Data records:
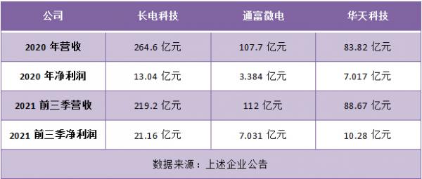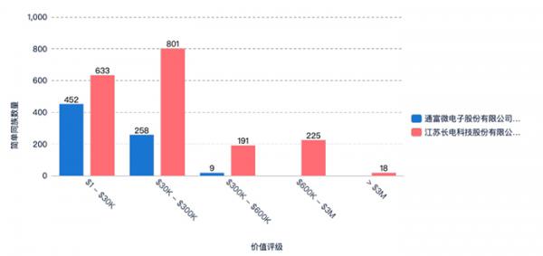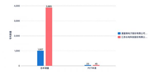 總體數(shù)量對(duì)比:長(zhǎng)電科技遙遙領(lǐng)先
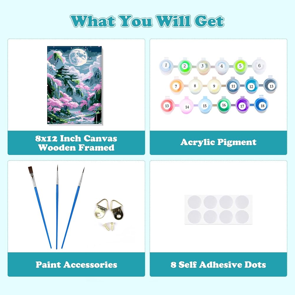 • الطلاء بأرقام أرقام: 8 × 12 بوصة حجم قماش مع إطار ، ونمط بسيط ولطيف ، واضحة المطبوعة مسبقًا ، ولا توجد مهارات في الطلاء. فقط بحاجة إلى متابعة الأرقام الموجودة على القماش وبعد ذلك يمكنهم إنشاء لوحة رائعة بمفردها
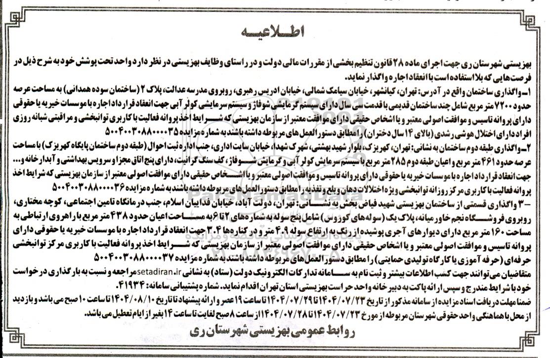 بهزیستی شهرستان ری جهت اجرای ماده 28 قانون تنظیم بخشی از مقررات مالی دولت و در راستای وظایف بهزیستی در نظر دارد واحد تحت پوشش خود به شرح ذیل در فرصت هایی که بلا استفاده است با انعقاد اجاره واگذار نماید.
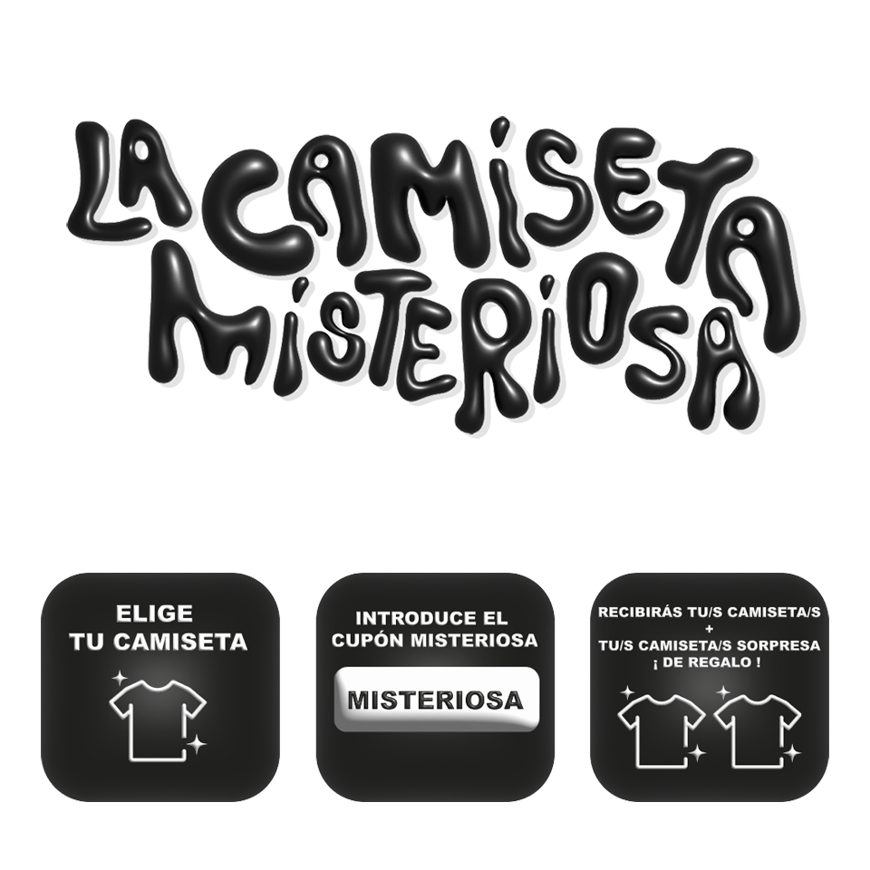 Por cada camiseta que compres recibes otra camiseta sorpresa de REGALO (en la misma talla y de modelo distinto al comprado).
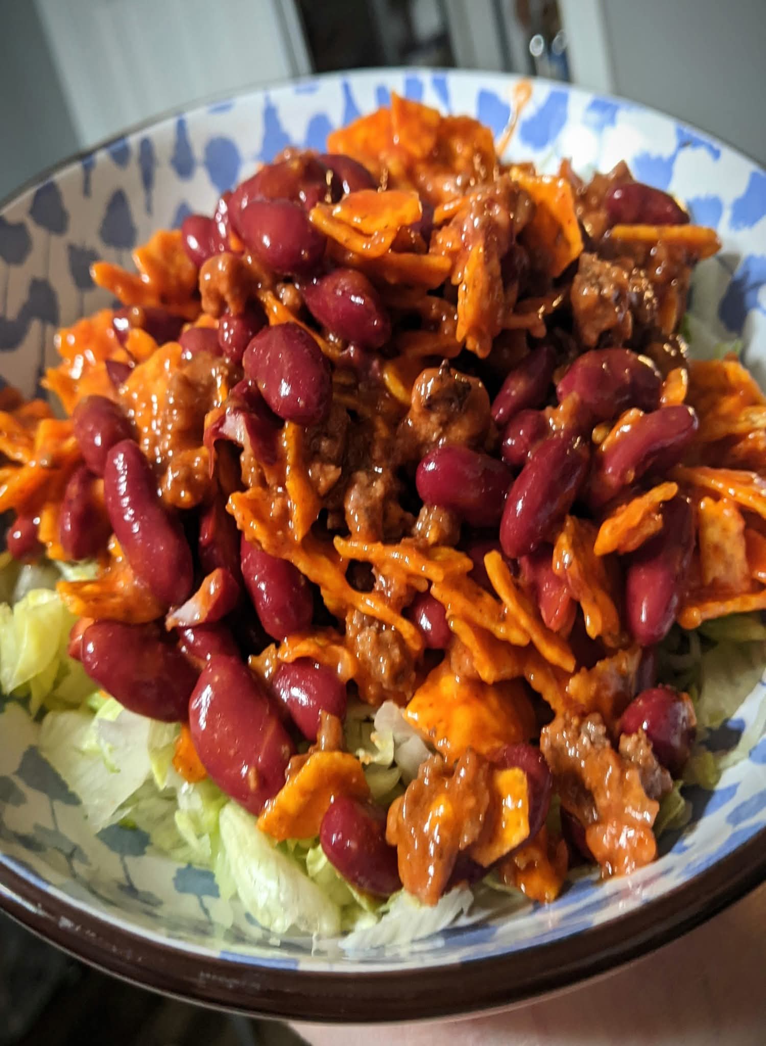 Serve immediately for maximum crunch, or wait a few minutes if you like softer Doritos. You can customize this salad with shredded cheese, diced tomatoes, chopped onions, or even a little sour cream. Ground turkey works as a lighter alternative, and spicy Doritos add an extra kick if you like heat.
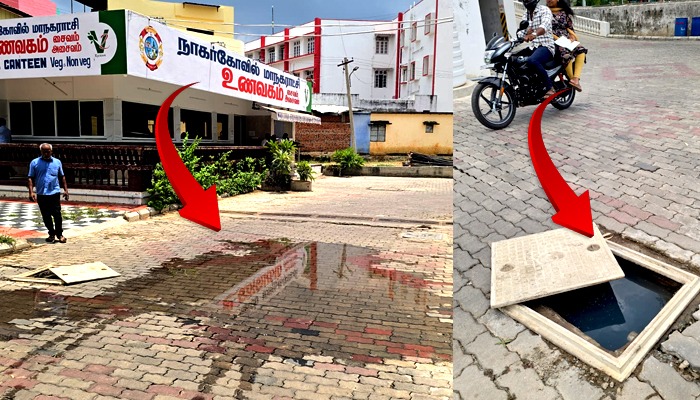 நாகர்கோவில் மாநகராட்சி அலுவலக வளாகத்தில் உள்ள உணவகத்தின் முன்பு கழிவுநீர் தொட்டியிலிருந்து கழிவுநீர் வெளியேறி துர்நாற்றம் வீசி சுகாதாரமற்று காணப்படுகிறது; கழிவுநீர் தொட்டியின் மூடிகள் உடைந்தும் திறந்தும் ஆபத்தான நிலையில் காணப்படுகிறது. இதனால் நோய் தொற்று பரவுவதுடன், விபத்துகளும் ஏற்படும் அபாயம் உள்ளது.
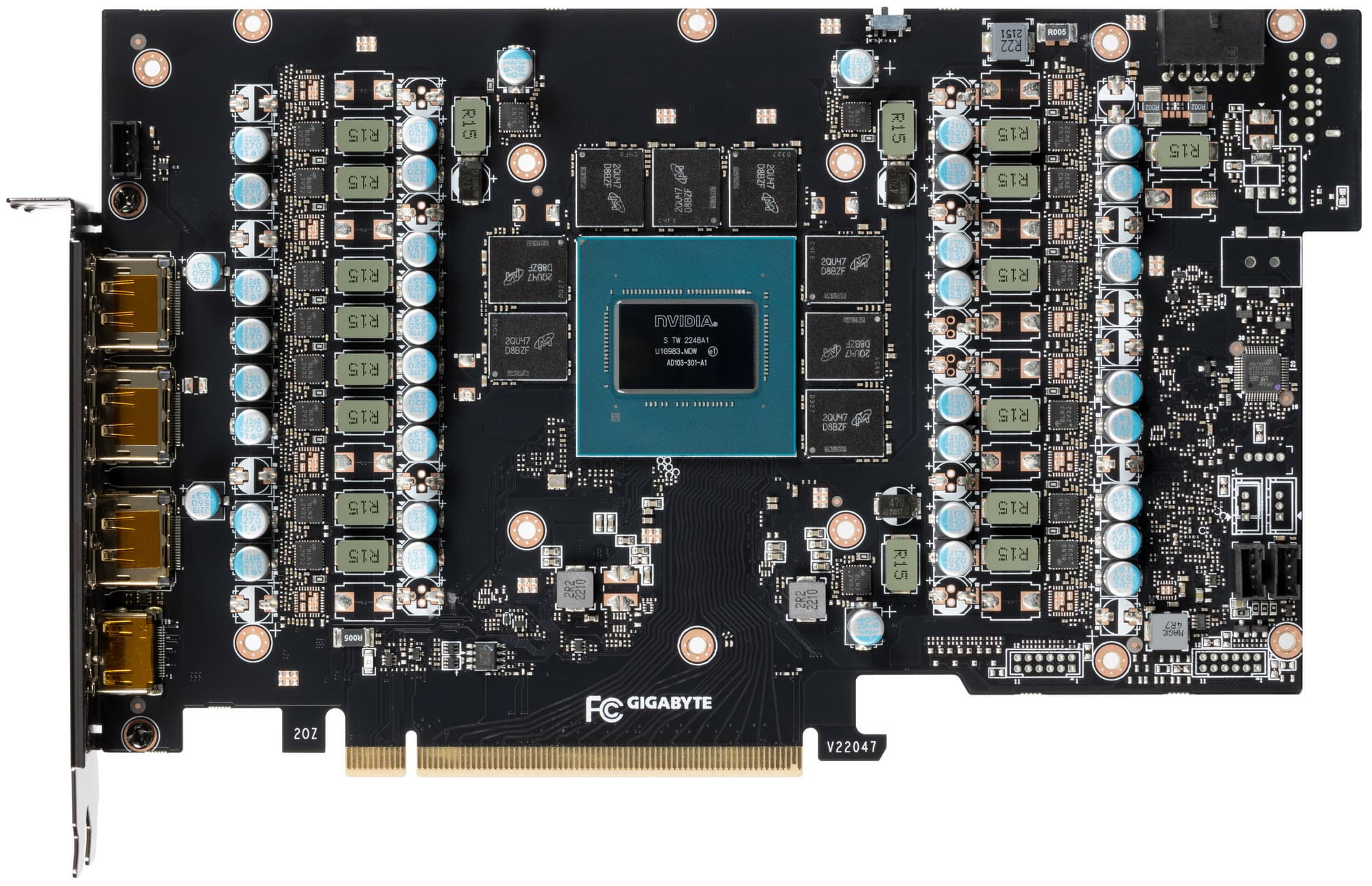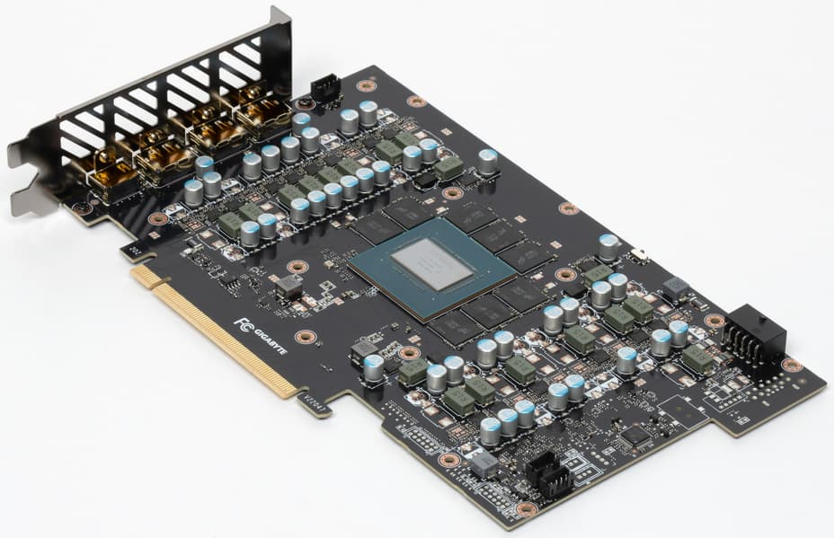 Для сравнения я взял видеокарту от того же производителя, которая идет как бы рангом выше из серии Gaming. Очевидно, что PCB у них общая. Полагаю, что и у топового продукта под суббрендом Aorus печатная плата точно такая же. Разница по сути только в комплектации фазами питания графического процессора.
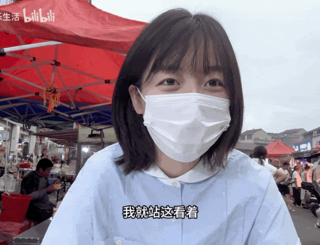 她就边吃边卖。

WHAT YOU SHOULD DO:
Copy nothing past the line containing "لوحة رائعة بمفردها": reproduce every line from the start of the records up to it, skipping pictures.

OUTPUT:
 總體數(shù)量對(duì)比:長(zhǎng)電科技遙遙領(lǐng)先
 • الطلاء بأرقام أرقام: 8 × 12 بوصة حجم قماش مع إطار ، ونمط بسيط ولطيف ، واضحة المطبوعة مسبقًا ، ولا توجد مهارات في الطلاء. فقط بحاجة إلى متابعة الأرقام الموجودة على القماش وبعد ذلك يمكنهم إنشاء لوحة رائعة بمفردها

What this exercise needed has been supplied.